Make Walls, Not War
IN a surge of realism, the Senate has voted 75-23 to acknowledge that Iraq has broken up and cannot be put back together. The measure, co-sponsored by Joe Biden, a Democratic presidential candidate, and Sam Brownback, Republican of Kansas, supports a plan for Iraq to become a loose confederation of three regions — a Kurdish area in the north, a Shiite region in the south and a Sunni enclave in the center — with the national government in Baghdad having few powers other than to manage the equitable distribution of oil revenues.
While the nonbinding measure provoked strong reactions in Iraq and from the Bush administration, it actually called for exactly what Iraq’s Constitution already provides — and what is irrevocably becoming the reality on the ground.
The Kurdish-dominated provinces in the north are recognized in the Constitution as an existing federal region, while other parts of Iraq can also opt to form their own regions.

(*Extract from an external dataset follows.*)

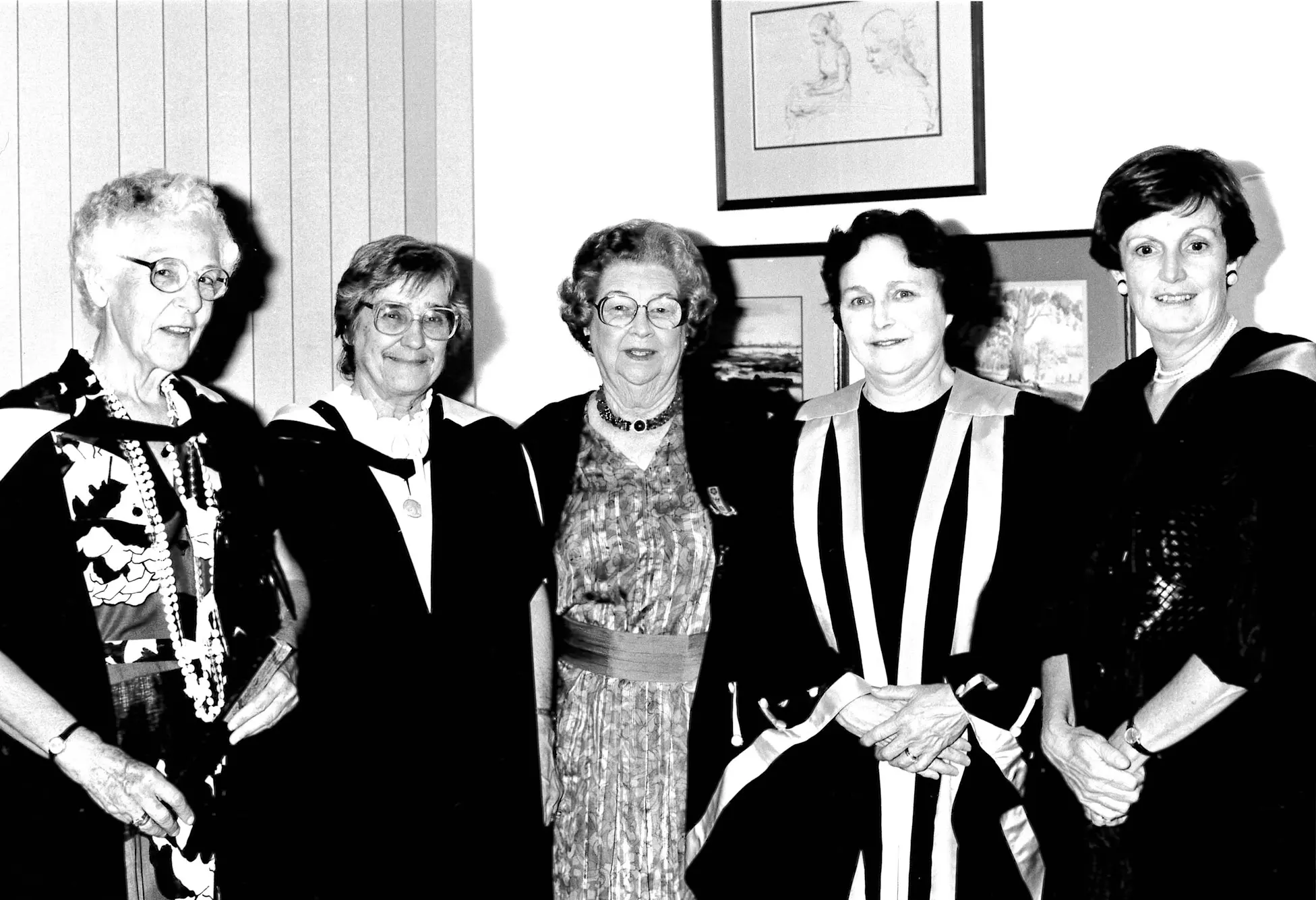 The Fellowship program at Women’s was created in celebration of the College’s 75th anniversary. The first Fellows of the College were (pictured from left to right) Suzanne Mourot, Lisbeth Hopkins (née Liddell), May Hancock, Tess Cramond (née O’Rourke-Brophy) and Jan Delpratt.

Iraq’s regions are allowed their own Parliament and president, and may establish their own army. (Kurdistan’s army, the peshmerga, is nearly as large as the national army and far more capable.) While the central government has exclusive control over the national army and foreign affairs, regional law is superior to national law on almost everything else. The central government cannot even impose a tax.
Iraq’s minimalist Constitution is a reflection of a country without a common identity. The Shiites believe their majority entitles them to rule, and a vast majority of them support religious parties that would define Iraq as a Shiite state. Iraq’s Sunni Arabs cannot accept their country being defined by a rival branch of Islam and ruled by parties they see as aligned with Iran. And the Kurdish vision of Iraq is of a country that does not include them.
The absence of a shared identity is a main reason the Bush administration has failed to construct workable national institutions in Iraq. American training can make Iraq’s Shiite-dominated security forces more effective, but it cannot make them into neutral guarantors of safety that the Sunnis can trust. The Kurds ban the national army and police from their territory.